Bishan Singh's journey to find his birthplace shows how all people seek to establish their identity through their connection to their homeland. The belief system i.e. the ideology that governs his life fails to provide him with any substantial solution. Even the self-proclaimed “God” in the asylum is unable to resolve his dilemma, further exposing the absurdity of the systems that claim authority over identity. Bishan Singh thus demonstrates that political systems which attempt to establish identity through strict territorial borders cannot succeed by collapsing in the undefined region that exists between India and Pakistan.

In this sense, the story presents its readers with a challenge which requires them tore-evaluate their understanding of peace as a fundamental concept.
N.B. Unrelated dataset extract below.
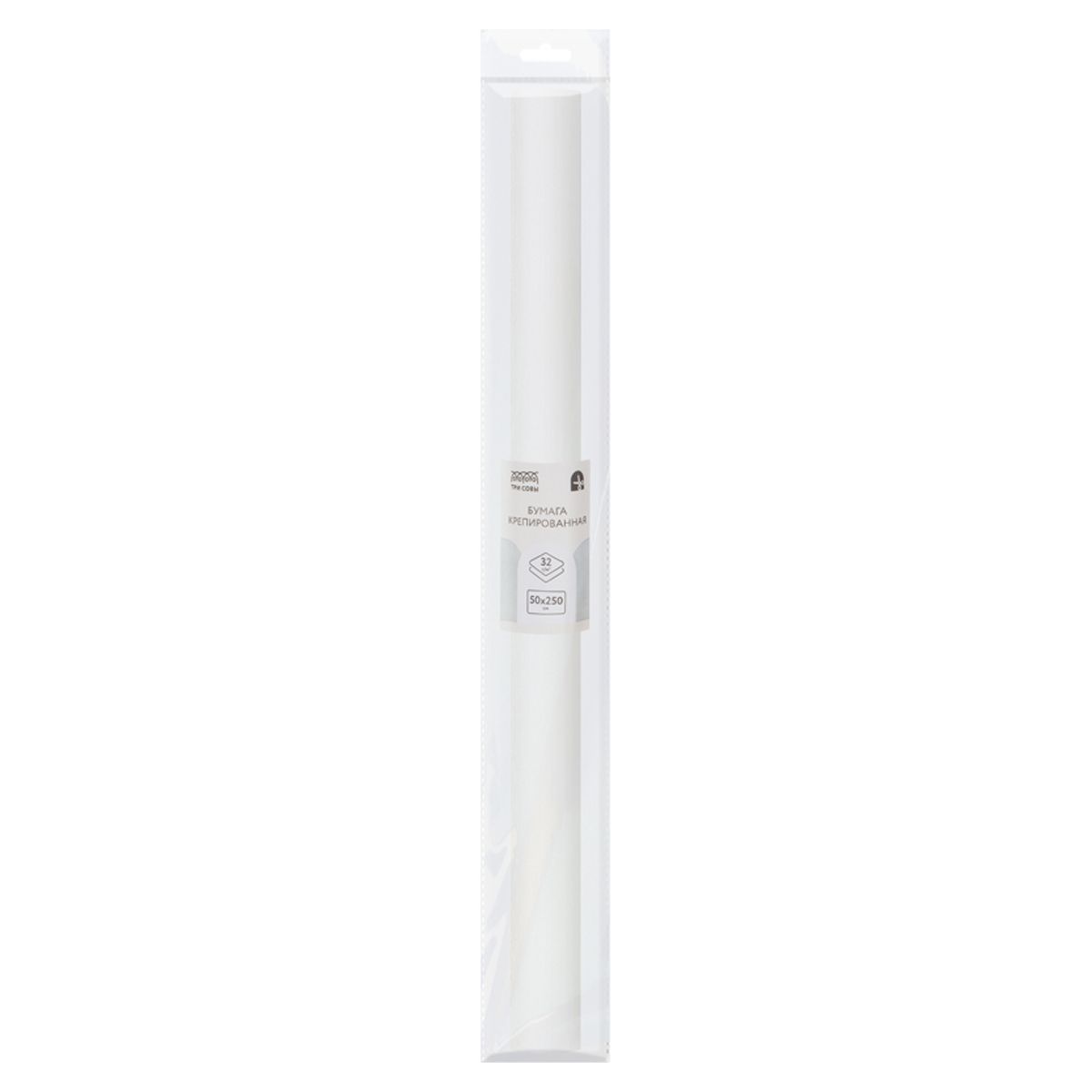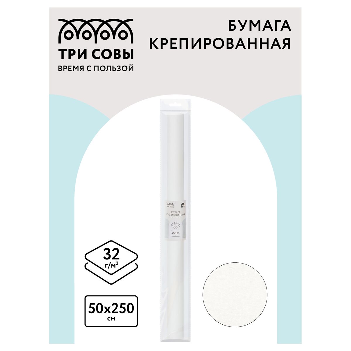 Бумага крепированная ТРИ СОВЫ, 50*250см, 32г/м2, белая, в рулоне, пакет с европодвесом

The process of gaining peace through either ideological persuasion or coercive methods results in a suppression of human experience-related questions instead of resolving them. The case of Bishan Singh shows that societies need to address their historical moral issues which political systems cannot completely resolve. Therefore, the story culminates in a powerful and haunting depiction of a man who defied all societal classifications. In that moment, the question of justice becomes unavoidable. One is compelled to conclude:In the court of justice, both the parties and the judge know the truth; it is justice itself that stands on trial.”1

Note

 

1.      The concluding formulation is adapted from a remark attributed to J. R. Midha of the Delhi High Court.

 

Works Cited

 

Althusser, Louis. On the Reproduction of Capitalism: Ideology and Ideological State Apparatuses. Verso, 2014.

Anderson, Benedict. Imagined Communities: Reflections on the Origin and Spread of Nationalism. Verso, 2006.

Foucault, Michel. Madness and Civilization: A History of Insanity in the Age of Reason. Routledge, 2001.

Ghosh, Amitav. The Shadow Lines. Ravi Dayal, 1988.

Manto, Saadat Hasan. “Toba Tek Singh.” Kingdom’s End and Other Stories, translated by Khalid Hasan, Penguin Books, 1987.